The tables below set out fair value measurements of financial instruments as
at the year end by the level in the fair value hierarchy into which the fair
value measurement is categorised.
Financial assets/liabilities at fair value through profit or loss
Level 1 Level 2 Level 3 Total
At 30 September 2024 £’000 £’000 £’000 £’000
Investments 110,973 20,287 59,116 190,376
Level 1 Level 2 Level 3 Total
At 31 March 2024 £’000 £’000 £’000 £’000
Investments 110,456 19,624 69,002 199,082
Note: Within the above tables, level 1 comprises all the Company’s ordinary
investments, level 2 represents the investment in WS Lindsell Train North
American Equity Fund and level 3 represents the investment in LTL.
LTL Valuation Methodology
The current methodology was approved and has been applied to the monthly
valuations of the Company from 31 March 2022. J.P. Morgan Cazenove undertook
an independent review of the methodology in January 2024, which confirmed that
the methodology adopted in 2022 remained valid.
The methodology seeks to capture the changing economics and prospects for
LTL’s business. It is designed to be as transparent as possible so that
shareholders can themselves calculate how any change to the inputs would
affect the resultant valuation.
This methodology has a single component based on a percentage of LTL’s funds
under management (“FUM”), with the percentage applied being reviewed
monthly and adjusted to reflect the ongoing profitability of LTL. At the end
of each month the ratio of LTL’s notional annualised net profits* to LTL’s
FUM is calculated and, depending on the result, the percentage of FUM is
adjusted according to the table shown within this Report.
The Board reserves the right to vary its valuation methodology at its
discretion.
* LTL’s notional net profits are calculated by applying a fee rate
(averaged over the last six months) to the most recent end-month FUM to
produce annualised fee revenues excluding performance fees. Notional staff
costs of 45% of revenues, annualised fixed costs and tax are deducted from
revenues to produce notional annualised net profits.

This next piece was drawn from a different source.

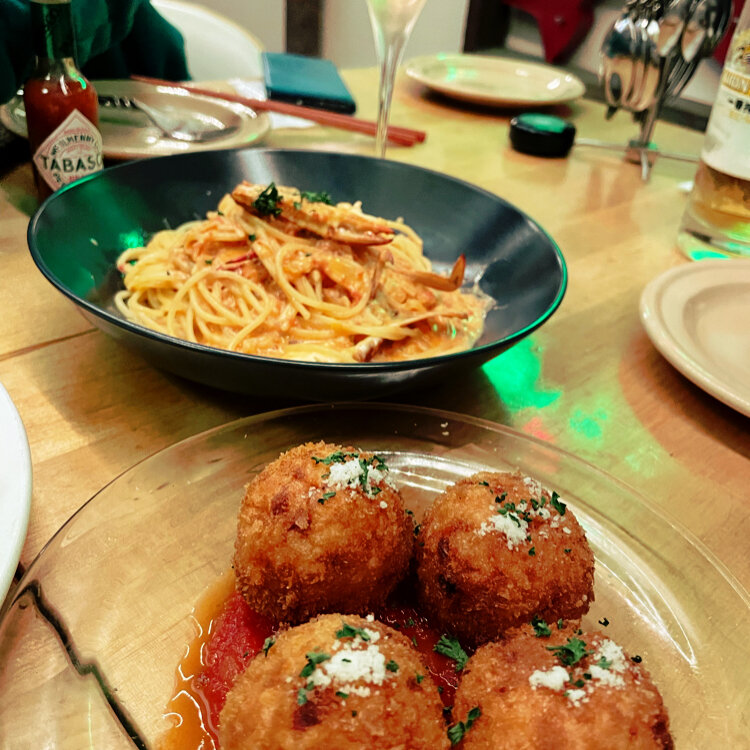 白馬姫川温泉ペンションTOMATOのダイニングバートマティートは、白馬エコーランドにあります❄️イタリアンのお料理はどれも絶品❤️2枚目のしらすとネギのピザ🍕はめちゃくちゃ美味しくお気に入り👍ライスコロッケにパスタ、スキーの後は炭水化物とりまくりでした😉

9 Sections 1158/1159 of the Corporation Tax Act 2010
It is the intention of the Directors to conduct the affairs of the Company so
that the Company satisfies the conditions for approval as an Investment Trust
Company set out in Sections 1158/1159 of the Corporation Tax Act 2010.
10 Going Concern
The Directors believe, having considered the Company’s investment objective,
risk management policies, capital management policies and procedures, and the
nature of the portfolio and the expenditure projections, that the Company has
adequate resources, an appropriate financial structure and suitable management
arrangements in place to continue in operational existence for the foreseeable
future, and, more specifically, that there are no material uncertainties
relating to the Company that would prevent its ability to continue in such
operational existence for at least twelve months from the date of the approval
of this Half-year Report. For these reasons, they consider there is reasonable
evidence to continue to adopt the going concern basis in preparing the
financial statements. In reviewing the position as at the date of this Report,
the Board has considered the guidance on this matter issued by the Financial
Reporting Council.
As part of their assessment, the Directors have given careful consideration to
the consequences for the Company of continuing uncertainty in the global
economy. As previously reported, stress testing was also carried out in April
2024 to establish the impact of a significant and prolonged decline in the
Company’s performance and prospects. This included a range of plausible
downside scenarios such as reviewing the effects of substantial falls in
investment values and the impact of the Company’s ongoing charges ratio.
11 2024 Accounts
The figures and financial information for the year to 31 March 2024 are
extracted from the latest published accounts of the Company and do not
constitute statutory accounts for the year.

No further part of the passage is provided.